TASK INPUT:
= = = = = = =
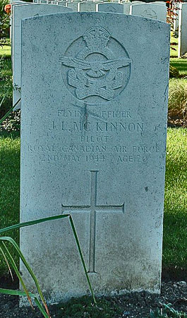 Pilot - F/O John Lockwood McKinnon RCAF (J/27633), aged 20, of Port Arthur, Ontario, Canada. Buried Harrogate Stonefall Cemetery, Yorkshire (B/B/16).
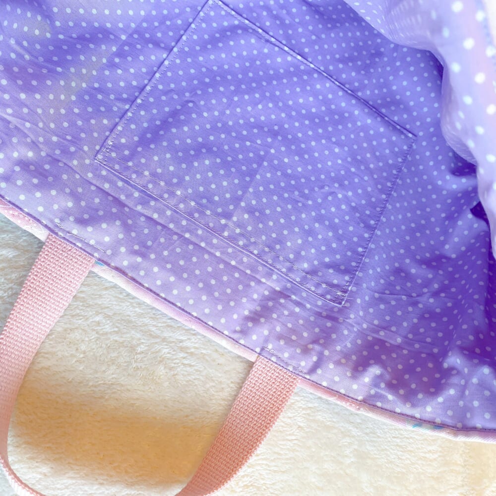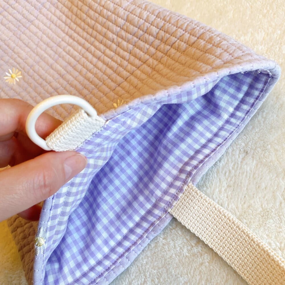 ギンガムチェックの裏地をつけました。裏なしでもよかったのですが、やっぱり裏があったほうが仕上がりもきれいで丈夫にできる気がします。
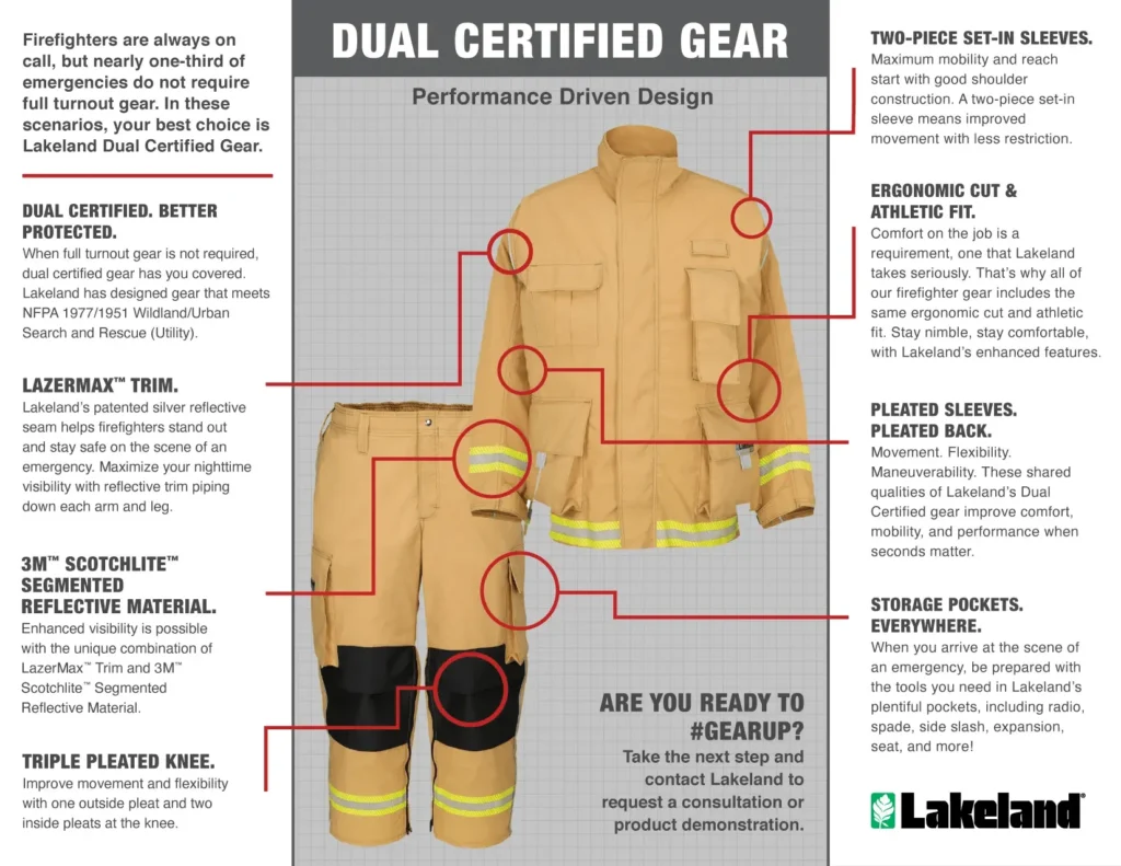 Pourquoi ? Jetez un coup d'œil à notre infographie PDF sur l'équipement de lutte contre l'incendie à double certification pour voir pourquoi l'équipement de lutte contre l'incendie à double certification de Lakeland pourrait être le bon choix pour votre service de lutte contre l'incendie.
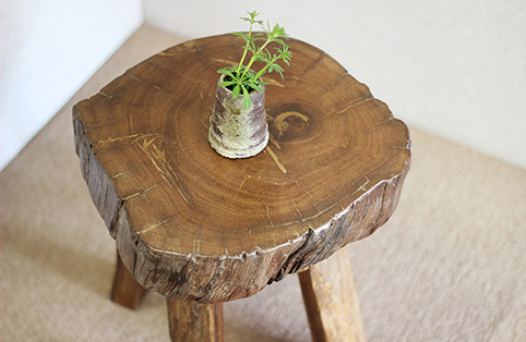 腰掛けるだけでは無く、お部屋のコーナー部分に飾り、切り株の上にグリーンを置いて、お楽しみ下さい。
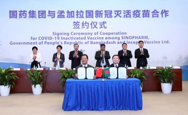 國(guó)藥集團(tuán)與孟加拉國(guó)正式簽署新冠滅活疫苗合作協(xié)議。國(guó)藥集團(tuán)供圖、
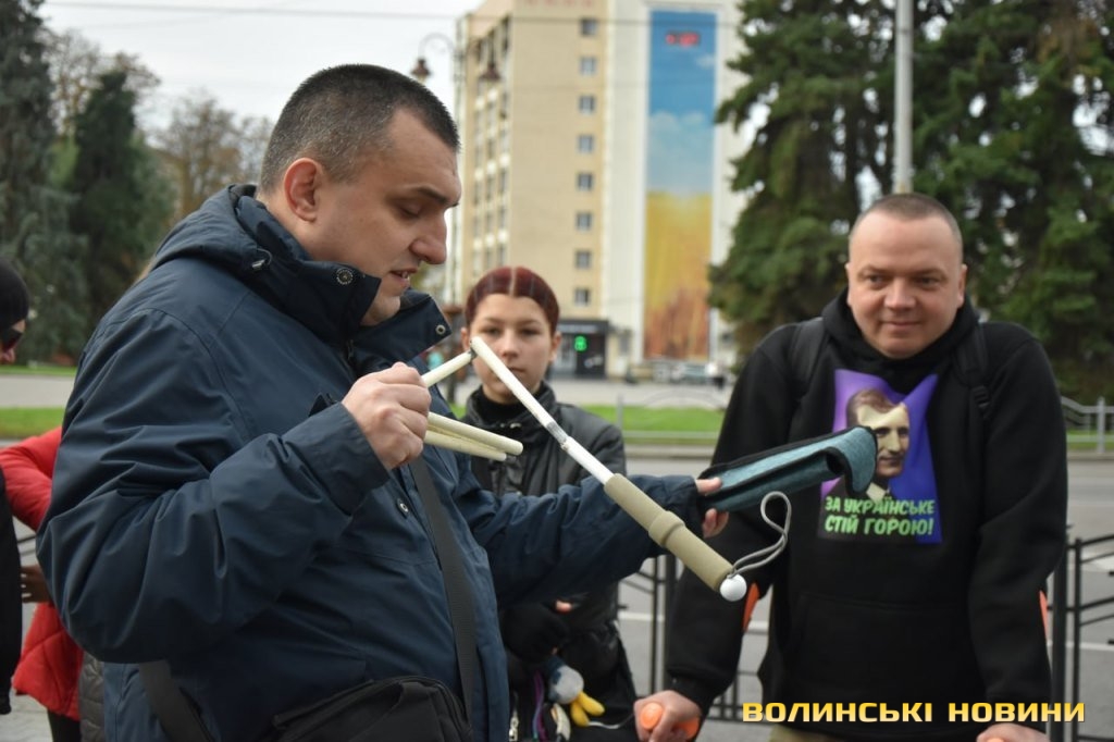 У центрі Луцька провели соціальний флешмоб до Дня білої тростини, який щорічно відзначають 15 жовтня. Цей день присвячений людям із порушеннями зору. Захід має на меті привернути увагу влади та громадськості до проблем, з якими стикаються незрячі та з частковою втратою зору лучани у повсякденному житті: користування громадським транспортом, покупки в магазині, долання пішохідного переходу тощо.
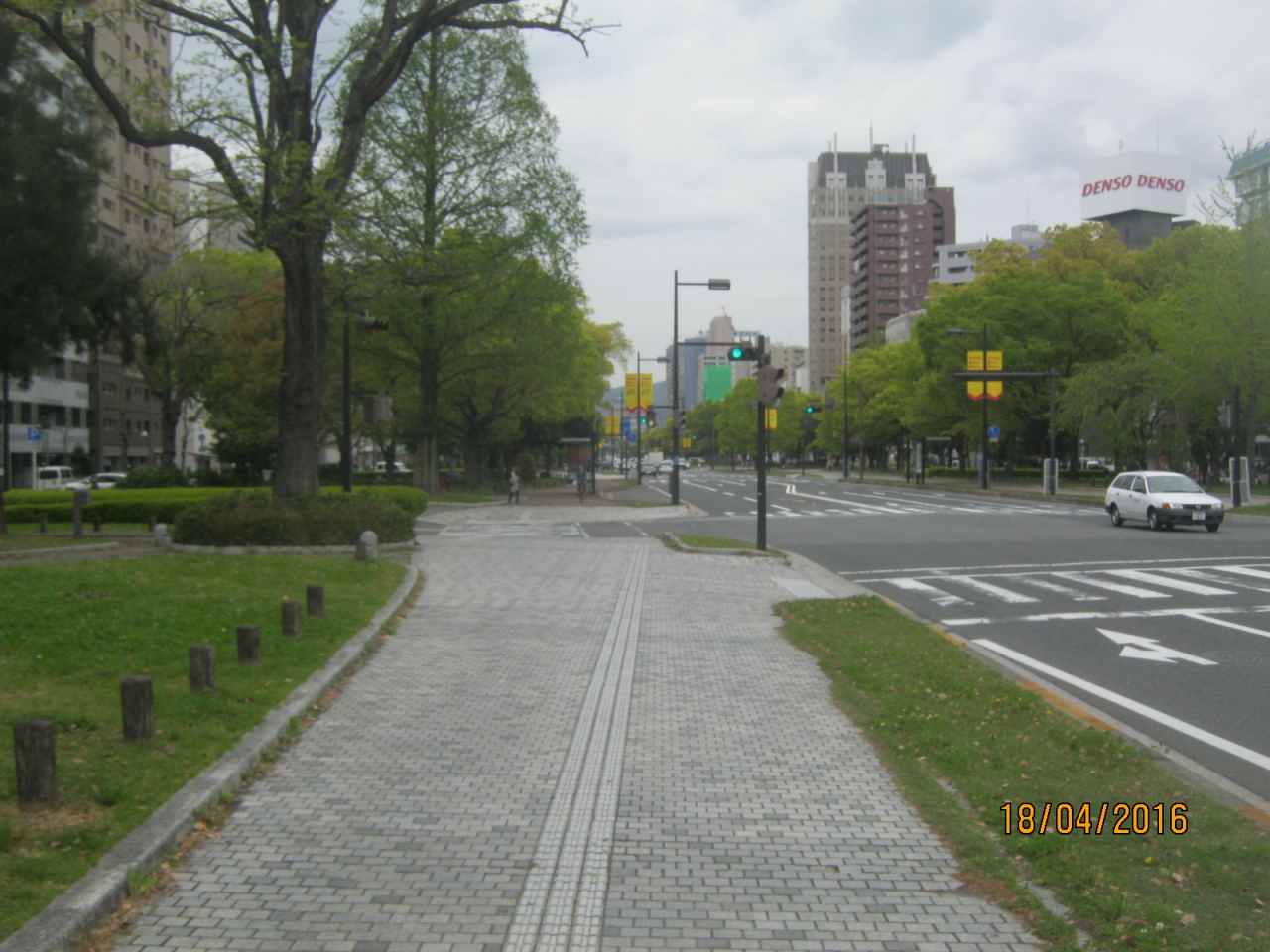 京橋川から元安川の間の大道理です。左右に遊歩道をかねた緑地の散策できるように整備されています。興味がわいたのは石灯籠が並んでいます。複製画ほとんどですが日本の特色ある形のものを置いていて改札板もあります。楽しんで散策できます。
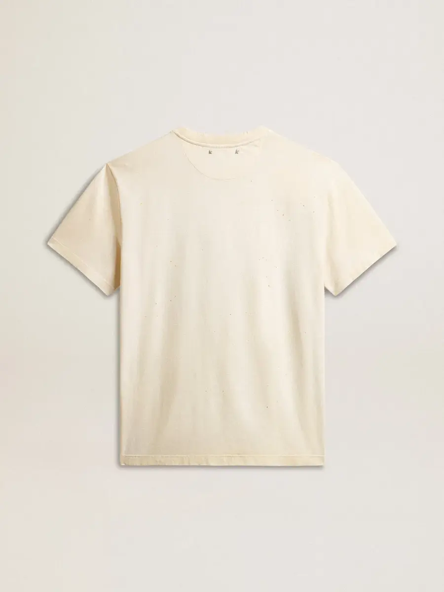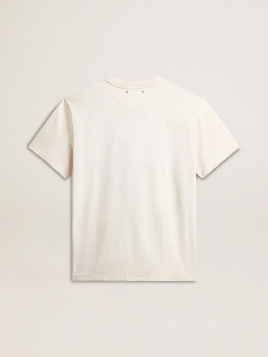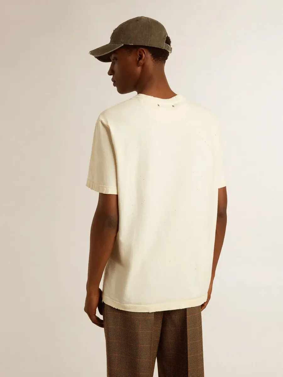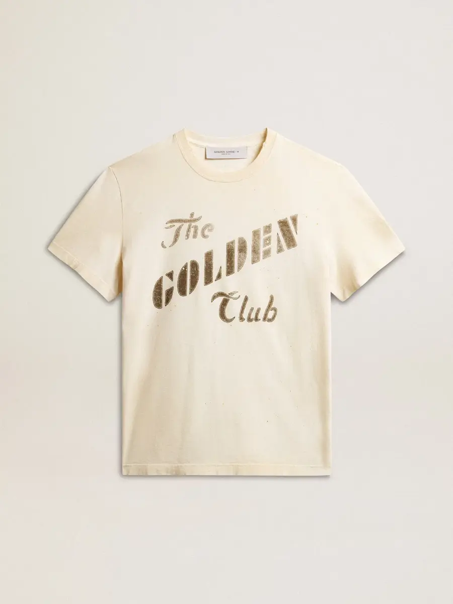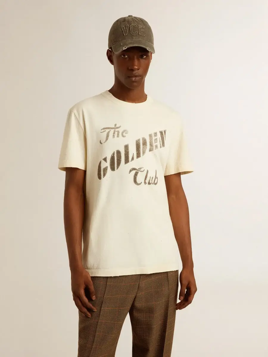 Una historia de amor con nuestra ciudad natal, Marghera. Donde todo comenzó. Nuestra última colección refleja el espíritu de nuestro lugar de origen, sus contrastes, su alma industrial y sus paisajes manufactureros, entrelazando inspiraciones tanto de la vibrante energía de la ropa de trabajo como de la refinada esencia de la sastrería tradicional. Confeccionada en jersey de algodón blanco envejecido, esta camiseta para hombre presenta un estampado dorado «The Golden Club» en acuarela en la parte delantera. Como toque final, los detalles desgastados en el cuello, los bordes y las mangas añaden un efecto vivido a la prenda.
= = = = = = =
WHAT YOU NEED TO DO:
Every line of the listing above is to be set down verbatim, without the pictures.

THE COMPLETED TASK:
 Pilot - F/O John Lockwood McKinnon RCAF (J/27633), aged 20, of Port Arthur, Ontario, Canada. Buried Harrogate Stonefall Cemetery, Yorkshire (B/B/16).
 ギンガムチェックの裏地をつけました。裏なしでもよかったのですが、やっぱり裏があったほうが仕上がりもきれいで丈夫にできる気がします。
 Pourquoi ? Jetez un coup d'œil à notre infographie PDF sur l'équipement de lutte contre l'incendie à double certification pour voir pourquoi l'équipement de lutte contre l'incendie à double certification de Lakeland pourrait être le bon choix pour votre service de lutte contre l'incendie.
 腰掛けるだけでは無く、お部屋のコーナー部分に飾り、切り株の上にグリーンを置いて、お楽しみ下さい。
 國(guó)藥集團(tuán)與孟加拉國(guó)正式簽署新冠滅活疫苗合作協(xié)議。國(guó)藥集團(tuán)供圖、
 У центрі Луцька провели соціальний флешмоб до Дня білої тростини, який щорічно відзначають 15 жовтня. Цей день присвячений людям із порушеннями зору. Захід має на меті привернути увагу влади та громадськості до проблем, з якими стикаються незрячі та з частковою втратою зору лучани у повсякденному житті: користування громадським транспортом, покупки в магазині, долання пішохідного переходу тощо.
 京橋川から元安川の間の大道理です。左右に遊歩道をかねた緑地の散策できるように整備されています。興味がわいたのは石灯籠が並んでいます。複製画ほとんどですが日本の特色ある形のものを置いていて改札板もあります。楽しんで散策できます。
 Una historia de amor con nuestra ciudad natal, Marghera. Donde todo comenzó. Nuestra última colección refleja el espíritu de nuestro lugar de origen, sus contrastes, su alma industrial y sus paisajes manufactureros, entrelazando inspiraciones tanto de la vibrante energía de la ropa de trabajo como de la refinada esencia de la sastrería tradicional. Confeccionada en jersey de algodón blanco envejecido, esta camiseta para hombre presenta un estampado dorado «The Golden Club» en acuarela en la parte delantera. Como toque final, los detalles desgastados en el cuello, los bordes y las mangas añaden un efecto vivido a la prenda.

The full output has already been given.